Content Warning:
This piece includes references to mental health challenges such as suicidal thoughts, experiences of discrimination, and emotionally intense language. As this year’s theme explores transitions, some submissions engage deeply with personal and vulnerable experiences. Please take care while reading, and feel free to pause or step away if needed.
I gaze out the large picture windows at the low clouds clinging to building tops like vapours around a showered body. My nurse, a woman with curly auburn hair, nervous eyes and rosacea, comes every morning to collect me from my cell—she scrubs me with chlorhexidine gluconate solution (the hospital-issued all-purpose cleanser), her gloves moving over my body, which trembles lightly under her touch like a leaf near the ocean. She doesn’t know Black hair, doesn’t know how to treat the delicate curls coiled like pen compression springs. So, she squirts the cleanser and massages gently, my coils tangling and roughened under the harsh treatment. When it dries, it crackles to the touch, springing out of my head in an unruly heap.

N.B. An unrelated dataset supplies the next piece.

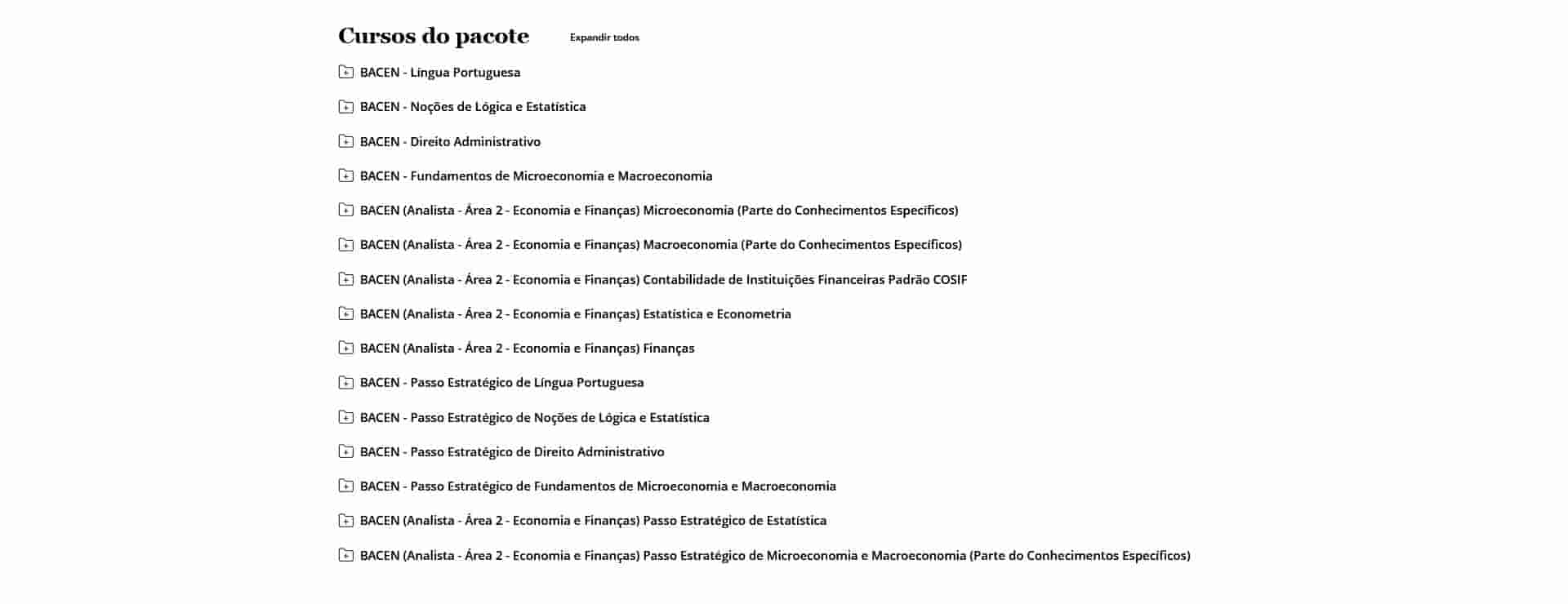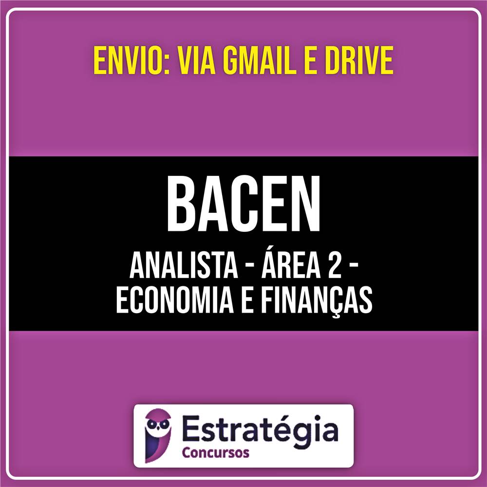O curso é completo? Sim. O Rateio BACEN – Analista – Área 2 – Economia e Finanças (2026) – ESTRATÉGIA inclui todas as disciplinas exigidas, além de bônus exclusivos de simulados.

Some people are afraid of dementia at end-of-life, but I’ve already experienced the half-death of severe psychosis. I’ve already been catatonic, my hands reduced to useless claws, my gaze unfocused, my face unresponsive. Though my body was in peak physical condition: lithe, toned, firm—my mind had broken.
I, 2 months from my 21st birthday, the golden child of my parents, a competitive pianist, national French dictation winner, the teacher’s pet, the scholarship winner, valedictorian daughter of two educators, gifted with an IQ in the 95th percentile… I roamed the three hallways of the acute unit of the Mental Health and Addictions ward for 2 weeks, spending another 3 in the general ward. None of the anti-psychotic medications were working. None of the anti-depressants had worked. Not risperidone, not olanzapine, not quetiapine, not the SSRIs, nor the SNRIs, not the little blue ones that dissolve under the tongue, not the ones that killed my libido, not the ones that made me sleep all day and gain 60 pounds. They. Didn’t. Work!
Despite my privileged, upper middle-class upbringing, despite the piano lessons, the swimming lessons, the gymnastics lessons, the inspiring middle school teacher, my high intelligence, my potential… I was diagnosed with schizoaffective disorder. Schizoaffective disorder (SZA) is a serious and chronic mental illness, in the schizophrenia-spectrum of disorders. Like most mental illnesses, there is no cure for SZA, meaning it is a lifelong condition, but it is treatable. It is not unusual for teens and young adults to experience psychotic symptoms, particularly those who go through prolonged periods of stress, lack of sleep, and psychedelic drug use. “Bad trips” are fairly common—seeing or hearing things, feeling paranoid, not being able to tell what is real and what is a product of an overstimulated brain trying to make sense of the world in an altered state. And yet, as a schizophrenic, I feel my illness has some of the most intense stigma attached to it. The biggest misconception about schizophrenia that I’ve encountered is people assuming I’m hallucinating all the time. I don’t hallucinate at all in my regular day-to-day life. I take medication daily to keep psychotic symptoms in check, and my symptoms have always been episodic: they only take place when I am actively unwell. They are not present at my baseline.
Like a knee once dislocated, now weakly held in place, will sometimes pop out of its rightful position, so too can the mind--taxed by stress, lack of sleep, trauma, drugs—dislocate, pop out of this reality and into a dream. With enough pressure, reality can bend and shatter… After the trauma, at times I felt like a limp, paper doll forced to dance to and fro on a string, dangling, a passenger in my own body—numb to the beauty. There were no epiphanies, no untamed joy, only a desire to leave, to give up, to die. But now, I am back from the brink of brain-death and returned to the land of the living.